= SOURCE MATERIAL =
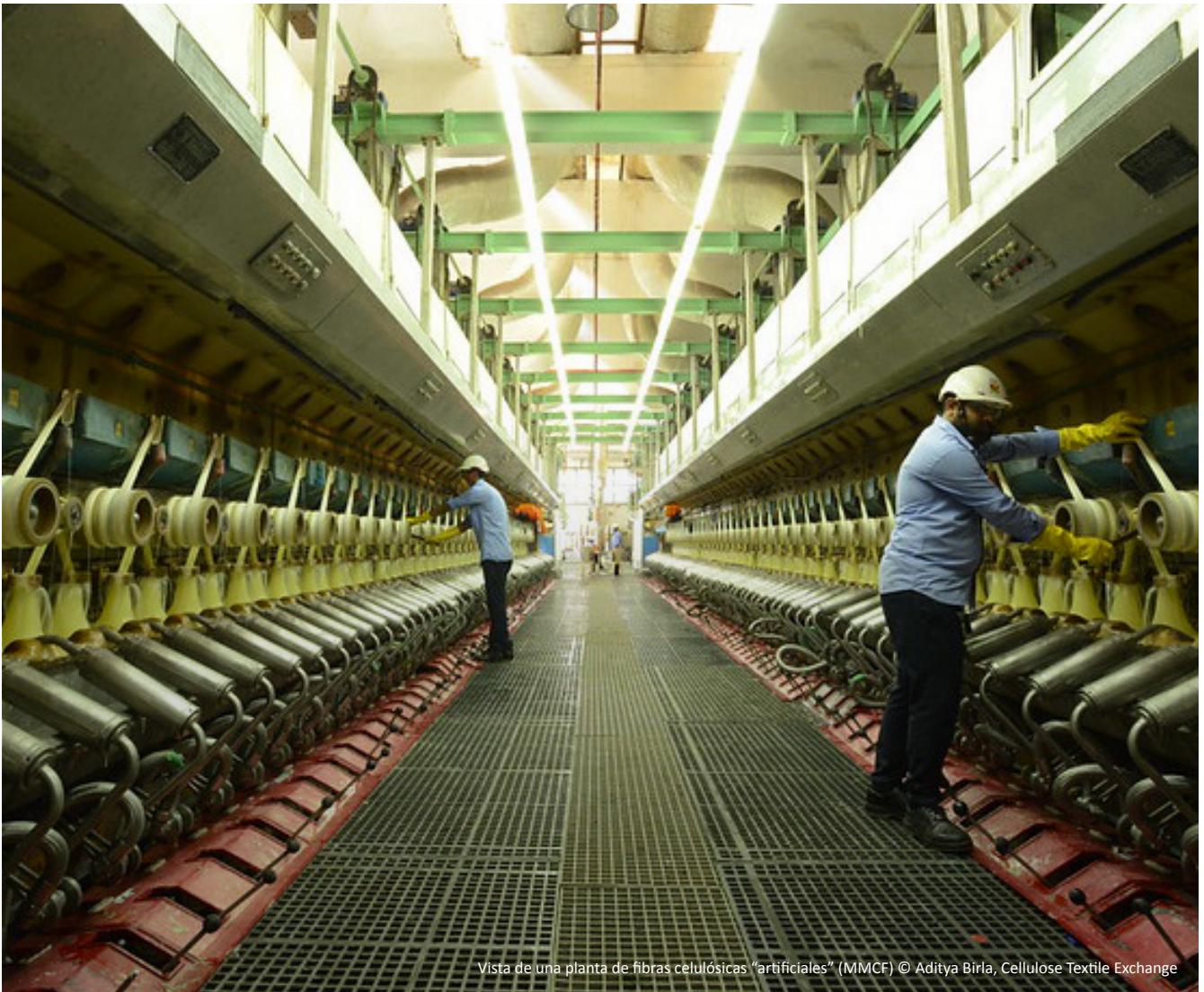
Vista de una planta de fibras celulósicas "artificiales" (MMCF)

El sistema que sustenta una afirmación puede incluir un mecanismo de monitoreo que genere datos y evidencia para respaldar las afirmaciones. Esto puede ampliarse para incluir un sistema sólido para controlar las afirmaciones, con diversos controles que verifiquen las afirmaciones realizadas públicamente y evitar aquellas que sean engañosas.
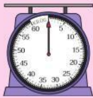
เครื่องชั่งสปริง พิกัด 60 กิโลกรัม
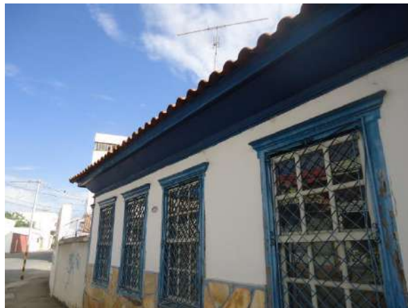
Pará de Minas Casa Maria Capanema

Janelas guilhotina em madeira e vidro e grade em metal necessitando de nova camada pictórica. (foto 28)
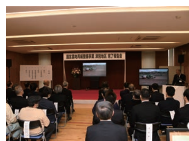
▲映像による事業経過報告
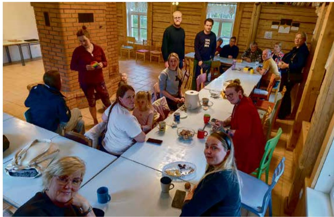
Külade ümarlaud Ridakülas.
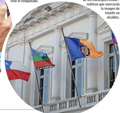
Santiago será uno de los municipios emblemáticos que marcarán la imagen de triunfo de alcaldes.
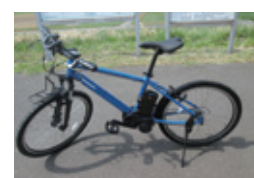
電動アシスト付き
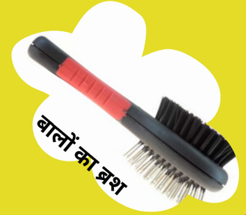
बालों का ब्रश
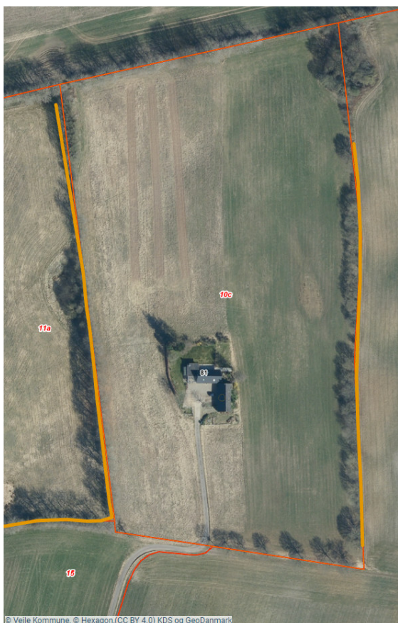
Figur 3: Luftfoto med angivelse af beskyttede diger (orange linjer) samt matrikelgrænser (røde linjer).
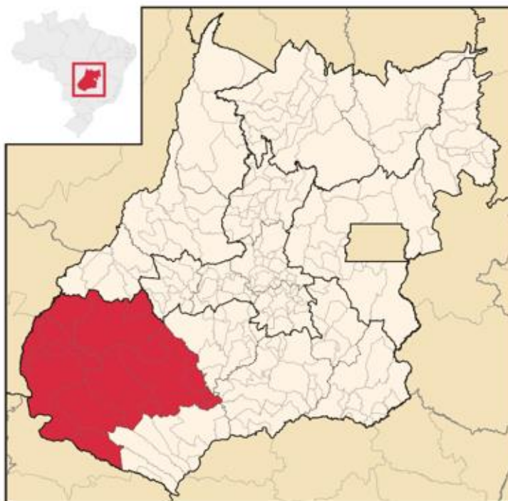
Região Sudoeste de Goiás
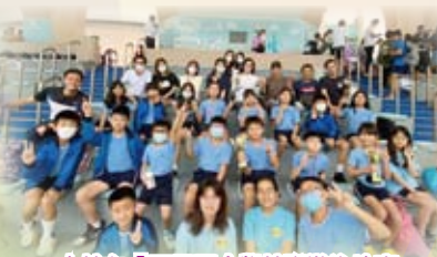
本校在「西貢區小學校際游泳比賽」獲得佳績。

= ABOUT THIS EXERCISE =
Every record above must be repeated exactly, with the pictures dropped.

= SOLUTION TO THIS EXERCISE =
Vista de una planta de fibras celulósicas "artificiales" (MMCF)

El sistema que sustenta una afirmación puede incluir un mecanismo de monitoreo que genere datos y evidencia para respaldar las afirmaciones. Esto puede ampliarse para incluir un sistema sólido para controlar las afirmaciones, con diversos controles que verifiquen las afirmaciones realizadas públicamente y evitar aquellas que sean engañosas.
เครื่องชั่งสปริง พิกัด 60 กิโลกรัม
Pará de Minas Casa Maria Capanema

Janelas guilhotina em madeira e vidro e grade em metal necessitando de nova camada pictórica. (foto 28)
▲映像による事業経過報告
Külade ümarlaud Ridakülas.
Santiago será uno de los municipios emblemáticos que marcarán la imagen de triunfo de alcaldes.
電動アシスト付き
बालों का ब्रश
Figur 3: Luftfoto med angivelse af beskyttede diger (orange linjer) samt matrikelgrænser (røde linjer).
Região Sudoeste de Goiás
本校在「西貢區小學校際游泳比賽」獲得佳績。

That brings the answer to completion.